## WORK REQUEST:
In the entries below, begin at the line that has "This chandelier features" and stop after the line that has "6月17日上午,學校在校訓廣"; output those lines exactly, leaving out pictures.

## SUPPLIED DATA:
-- -- --

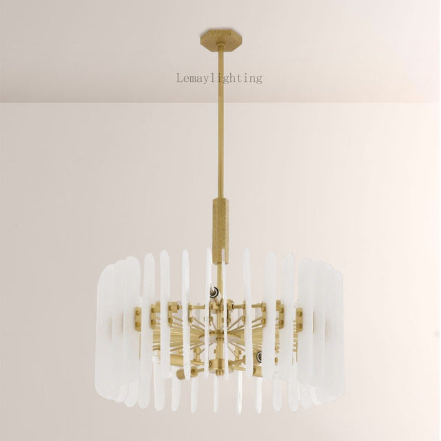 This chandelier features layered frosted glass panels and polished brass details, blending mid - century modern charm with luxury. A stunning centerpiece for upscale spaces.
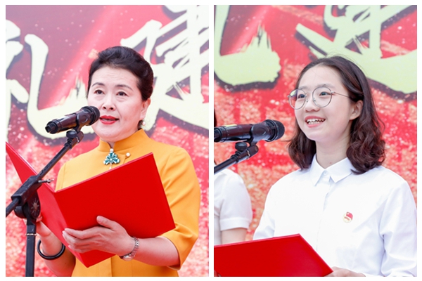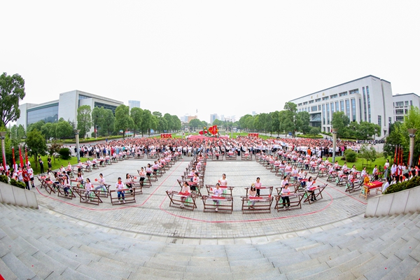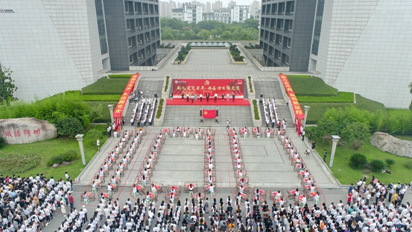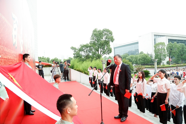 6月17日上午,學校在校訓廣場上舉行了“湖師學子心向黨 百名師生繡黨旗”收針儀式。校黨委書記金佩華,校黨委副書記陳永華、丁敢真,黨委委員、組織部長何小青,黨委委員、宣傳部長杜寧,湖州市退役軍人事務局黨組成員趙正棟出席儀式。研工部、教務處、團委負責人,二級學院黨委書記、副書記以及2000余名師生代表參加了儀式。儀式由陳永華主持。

-- -- --

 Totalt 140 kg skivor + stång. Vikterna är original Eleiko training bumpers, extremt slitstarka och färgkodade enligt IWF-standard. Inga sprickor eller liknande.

-- -- --

## SOLUTION TO THIS PROBLEM:
 This chandelier features layered frosted glass panels and polished brass details, blending mid - century modern charm with luxury. A stunning centerpiece for upscale spaces.
 6月17日上午,學校在校訓廣場上舉行了“湖師學子心向黨 百名師生繡黨旗”收針儀式。校黨委書記金佩華,校黨委副書記陳永華、丁敢真,黨委委員、組織部長何小青,黨委委員、宣傳部長杜寧,湖州市退役軍人事務局黨組成員趙正棟出席儀式。研工部、教務處、團委負責人,二級學院黨委書記、副書記以及2000余名師生代表參加了儀式。儀式由陳永華主持。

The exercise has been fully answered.